Types of Zero-Knowledge Proofs

The most commonly used ZKPs are zk-SNARKs, zk-STARKs and Bulletproofs.

1. zk-SNARK stands for Zero-Knowledge Succinct Non-interactive Argument of Knowledge. This means the proofs are small and easy to check. Initially, zk-SNARK needed a trusted setup, but thanks to advances in zero-knowledge research and projects like Spartan, we can now have zk-SNARKs without needing a trusted setup.
2. zk-STARK stands for Zero-Knowledge Scalable Transparent Argument of Knowledge. zk-STARKs can confirm that calculations done off the blockchain are correct without showing the data used. zk-STARKs are seen as better than zk-SNARKs because they can handle more data and are more open. The best part about zk-STARKs is that they don't need a trusted setup. The "Transparent" in their name means they use randomness that everyone can see to create their parameters, so there's no need for a trusted setup anymore.
3. Bulletproofs are a type of zero-knowledge proof that is short and doesn't need to interact with others. They don't require a trusted setup either. While Bulletproofs are compact, they aren't as cost-effective as validity rollups. Currently, Monero uses Bulletproofs.

Major projects in the Zero-Knowledge Proofs landscape

• Starkware: Founded in 2018, the vision of StarkWare is to bring scalability and privacy to blockchains with zero-knowledge STARK proofs. They have two main offerings (a) StarkNet is a permissionless decentralized validity rollup and (b) StarkEx is a SaaS version tailored to be used by protocols e.g. dYdX v3 was using StarkEx.

• zkSync: Matter Labs, founded in 2020, started the zkSync project. It's a Layer 2 solution that makes Ethereum faster using zero-knowledge proofs (ZKPs). They later launched zkSync 2.0, now called zkSync Era. This new version introduced zkPorter, a feature that uses advanced ZKPs to bundle many transactions into one proof. This greatly improves how much zkSync can handle, making Ethereum more scalable.
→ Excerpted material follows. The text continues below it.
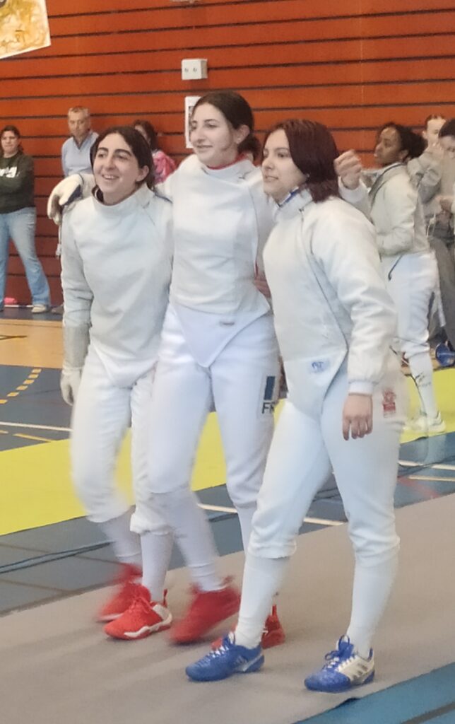 Le 1er match est extrêmement relevé puisqu’il est face à l’équipe numéro 1 de Roubaix. Les filles ne s’en laissent pas compter et relèvent le défi avec sérieux et motivation. Chaque relai prend des points, mais les filles d’en face se détachent progressivement et l’emportent dans ce 1er tour. Qu’à cela ne tienne, les toulousaines restent concentrées et après un 2e match serré jusqu’au bout, elles échouent d’une touche (44-45) face à l’équipe d’Orléans 2, épaulée par une très forte tunisienne. Le 3e match qui suit face à la Rapière ne parviendra pas à redonner le sourire à nos tireuses qui devront se contenter d’une journée de solidarité et d’expérience dans cette nouvelle épreuve.

• Scroll: They are building a Type 2 zkEVM, a native zkEVM solution for Ethereum i.e. no compiler is needed. A Type 2 zkEVM is fully equivalent to the EVM. It differs from Ethereum in terms of block structure and state tree. In an EVM-equivalent environment, most of the Ethereum toolchain could be used without much difficulty. Scroll is also closely working with the Ethereum Foundation’s Privacy and Scaling Explorations (PSE) group(also working on a ZK-EVM).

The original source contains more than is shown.